[Instructions for the task] Reproduce the entries verbatim; no pictures.

Items listed in a dataset
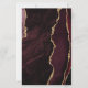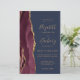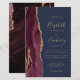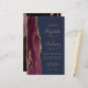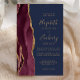 El borde izquierdo de esta elegante y moderna invitación a la boda incluye una acuarela color rojo burdeos recortada con un falso purpurina de oro. El texto del personalizable combina la escritura a mano de color dorado, las fuentes de copperplate y las tipografías cursivas en un fondo azul marino. El diseño de agate burdeos se repite en la parte posterior de la tarjeta.
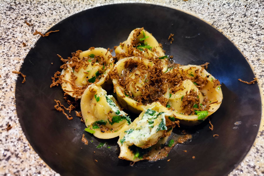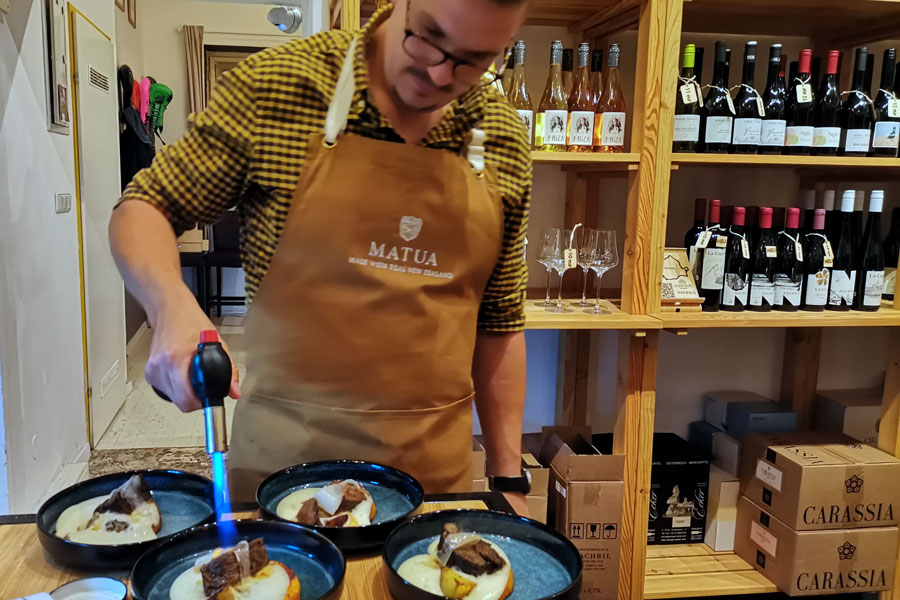 Ein Beispiel für eine solche Region ist Somló, keine zwei Autostunden von Wien entfernt. Aus der weiten Ebene der Puszta erheben sich schwarze Basaltfelsen, von denen Weingärten überragt werden. Das junge Weingut Kreinbacher erzeugt dort neben den in Ungarn üblichen Sorten wie Juhfark (Lämmerschwanz), Traminer oder Furmint auch Sekt. Zoltán entkorkt behutsam ein Flasche Brut Extra und eröffnet mit diesem fruchtigen Schaumwein einen genüsslichen Reigen. An bestimmten Tagen wird Abendessen mit Weinbegleitung angeboten. Wer sich dafür rechtzeitig angemeldet hat, wird von Adam bekocht und zu jedem Gang mit dem idealen Wein versorgt. Speck und getrockneter Schinken vom Mangalitzaschwein bilden das Entree. Im zweiten Gang vermählt sich ein in Säure und Zucker harmonischer Rizling aus Badascsony mit gebratenem Oktopus. Über die nun folgenden Ravioli – der Teig wird im Lokal auf einer Nudelmaschine in Form gebracht – hobelt Adam großzügig ungarische Trüffel und serviert dazu einen ungewöhnlich gehaltvollen Olaszrizling. Den Höhepunkt, ein über Stunden sous vide gegartes Hirschfilet, begleitet ein trinkfreundlich tanninarmer und bewusst kühl gehaltener Kékfrankos aus der Soproner Gegend. Den krönenden Abschluss bildet ein sechs Puttony von Gróf Degenfeld. Nicht umsonst galt der Tokajer lange als Wein der Könige und König der Weine. Mit einer Kombination aus Apfelgelee, Pekanüssen und darüber geriebener getrüffelter Gänseleber gehen die fruchtige Süße und die von einer lebendigen Säure herrührende Frische des Weins tatsächlich eine noble Verbindung ein.
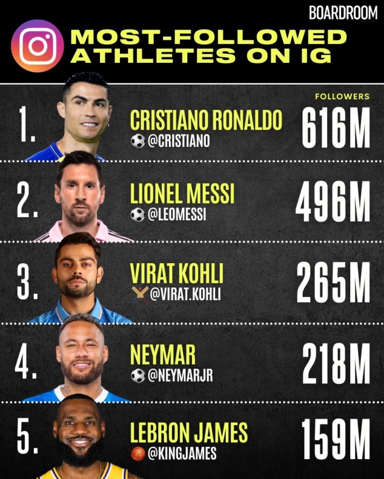 运动员INS粉丝总数:C罗6.16亿居首梅西次席 詹姆斯第五
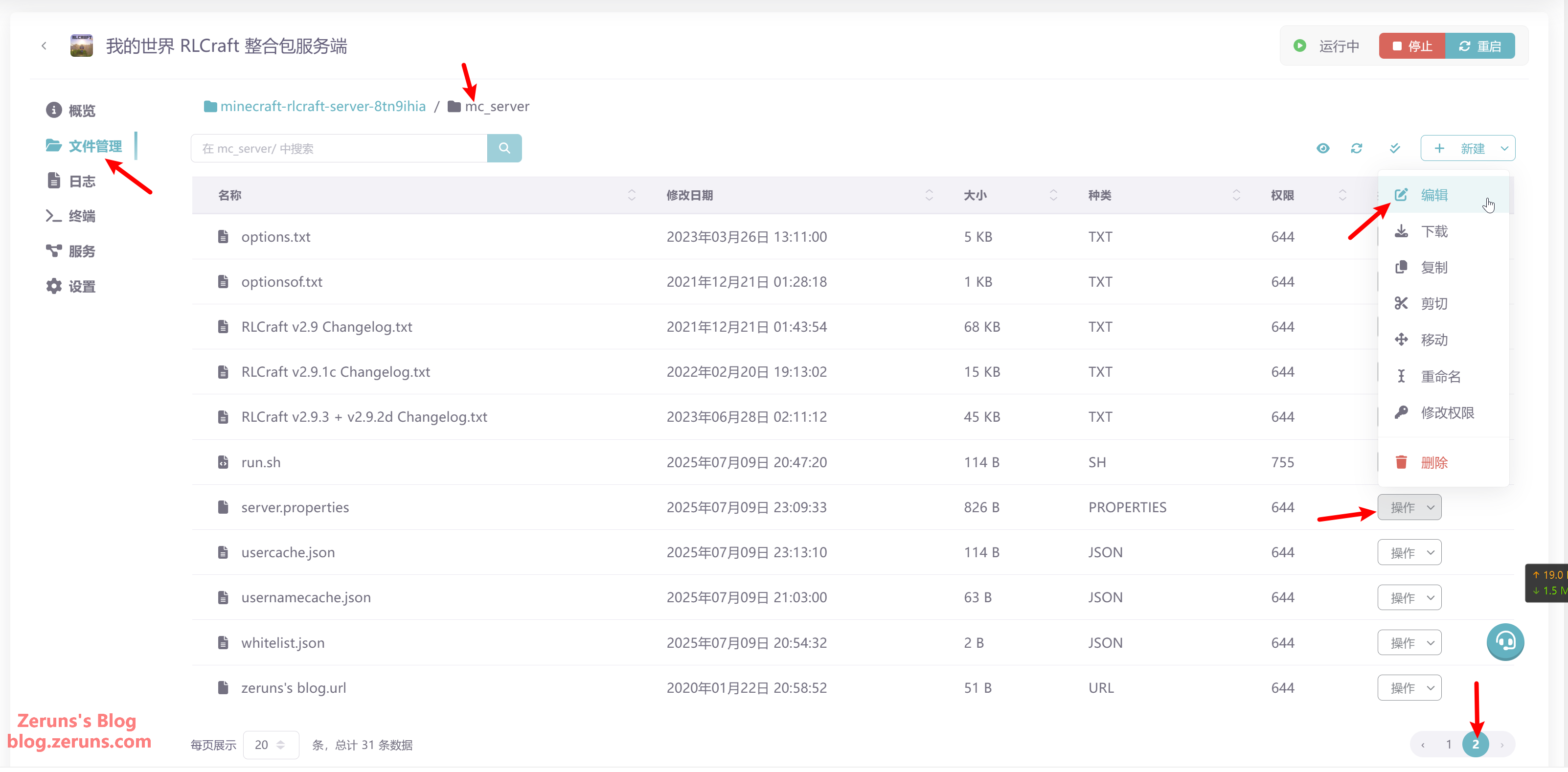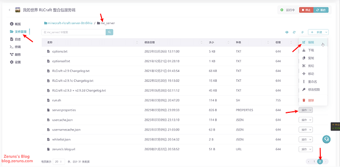 在应用管理里的文件管理里进入mc_server目录,找到**server.properties文件**,点击右边的操作→编辑
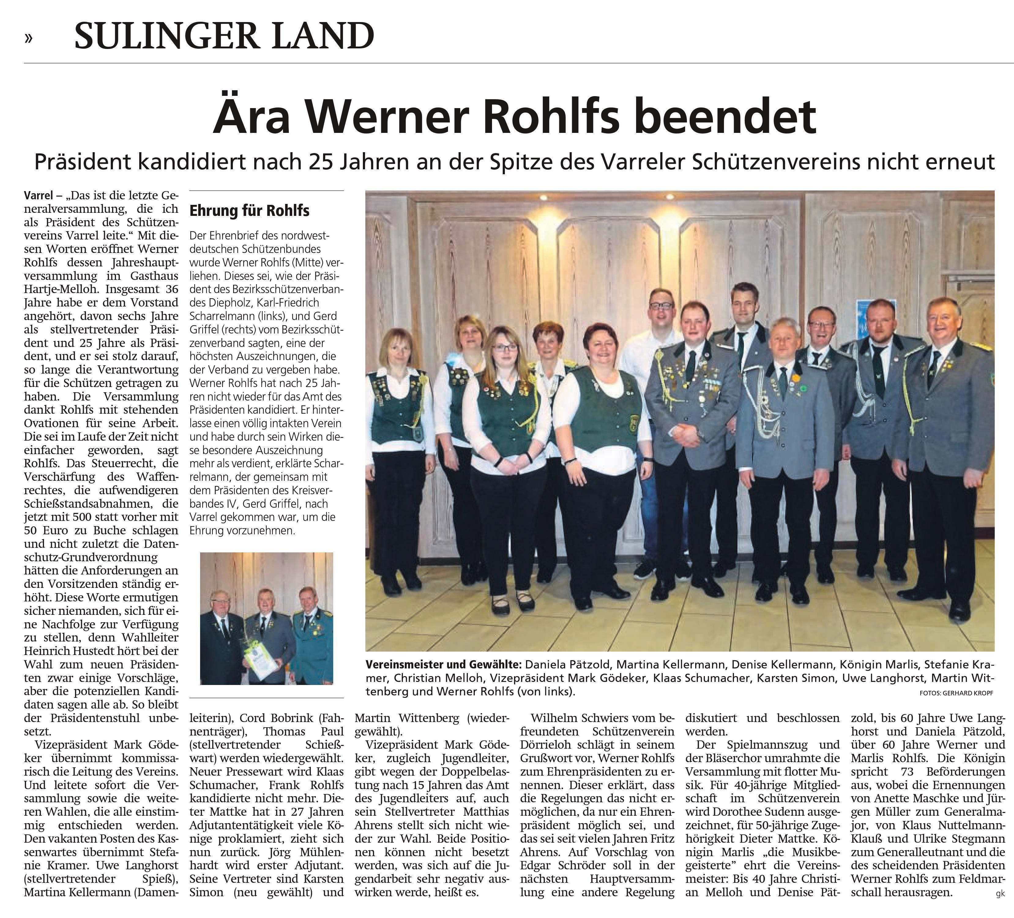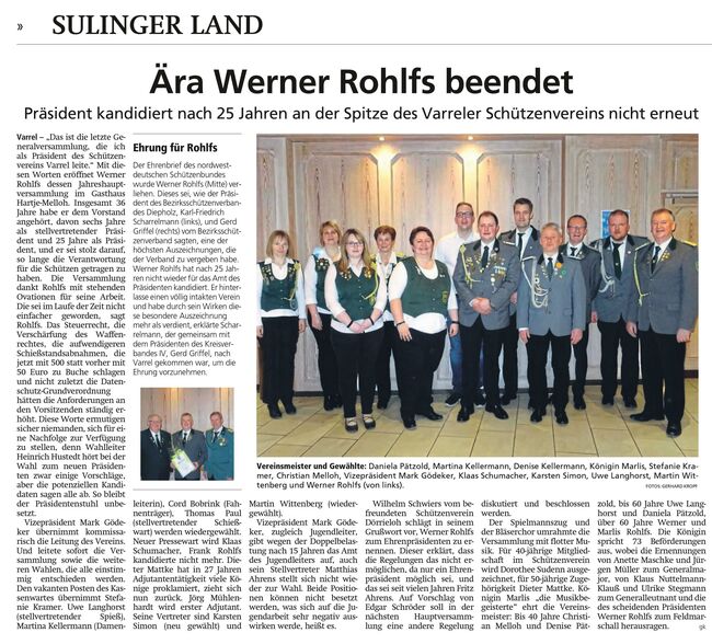 Während der Jahreshauptversammlung des Schützenvereins Varrel, wurde der Ehrenbrief des Nordwestdeutschen Schützenbundes (NWDSB) an Werner Rohlfs verleihen. Er erhielt diese Auszeichnung vom Bezirkspräsidenten Karl-Friedrich Scharrelmann im Beisein von Gerd Griffel, Präsident des Kreisverbandes IV, dieses wurde durch lang anhaltenden Beifall der anwesenden Mitglieder unterstrichen. Laut Scharrelmann sei dieser Brief mit einer der höchsten Auszeichnungen des NWDSB.

[Reply to the task]
 El borde izquierdo de esta elegante y moderna invitación a la boda incluye una acuarela color rojo burdeos recortada con un falso purpurina de oro. El texto del personalizable combina la escritura a mano de color dorado, las fuentes de copperplate y las tipografías cursivas en un fondo azul marino. El diseño de agate burdeos se repite en la parte posterior de la tarjeta.
 Ein Beispiel für eine solche Region ist Somló, keine zwei Autostunden von Wien entfernt. Aus der weiten Ebene der Puszta erheben sich schwarze Basaltfelsen, von denen Weingärten überragt werden. Das junge Weingut Kreinbacher erzeugt dort neben den in Ungarn üblichen Sorten wie Juhfark (Lämmerschwanz), Traminer oder Furmint auch Sekt. Zoltán entkorkt behutsam ein Flasche Brut Extra und eröffnet mit diesem fruchtigen Schaumwein einen genüsslichen Reigen. An bestimmten Tagen wird Abendessen mit Weinbegleitung angeboten. Wer sich dafür rechtzeitig angemeldet hat, wird von Adam bekocht und zu jedem Gang mit dem idealen Wein versorgt. Speck und getrockneter Schinken vom Mangalitzaschwein bilden das Entree. Im zweiten Gang vermählt sich ein in Säure und Zucker harmonischer Rizling aus Badascsony mit gebratenem Oktopus. Über die nun folgenden Ravioli – der Teig wird im Lokal auf einer Nudelmaschine in Form gebracht – hobelt Adam großzügig ungarische Trüffel und serviert dazu einen ungewöhnlich gehaltvollen Olaszrizling. Den Höhepunkt, ein über Stunden sous vide gegartes Hirschfilet, begleitet ein trinkfreundlich tanninarmer und bewusst kühl gehaltener Kékfrankos aus der Soproner Gegend. Den krönenden Abschluss bildet ein sechs Puttony von Gróf Degenfeld. Nicht umsonst galt der Tokajer lange als Wein der Könige und König der Weine. Mit einer Kombination aus Apfelgelee, Pekanüssen und darüber geriebener getrüffelter Gänseleber gehen die fruchtige Süße und die von einer lebendigen Säure herrührende Frische des Weins tatsächlich eine noble Verbindung ein.
 运动员INS粉丝总数:C罗6.16亿居首梅西次席 詹姆斯第五
 在应用管理里的文件管理里进入mc_server目录,找到**server.properties文件**,点击右边的操作→编辑
 Während der Jahreshauptversammlung des Schützenvereins Varrel, wurde der Ehrenbrief des Nordwestdeutschen Schützenbundes (NWDSB) an Werner Rohlfs verleihen. Er erhielt diese Auszeichnung vom Bezirkspräsidenten Karl-Friedrich Scharrelmann im Beisein von Gerd Griffel, Präsident des Kreisverbandes IV, dieses wurde durch lang anhaltenden Beifall der anwesenden Mitglieder unterstrichen. Laut Scharrelmann sei dieser Brief mit einer der höchsten Auszeichnungen des NWDSB.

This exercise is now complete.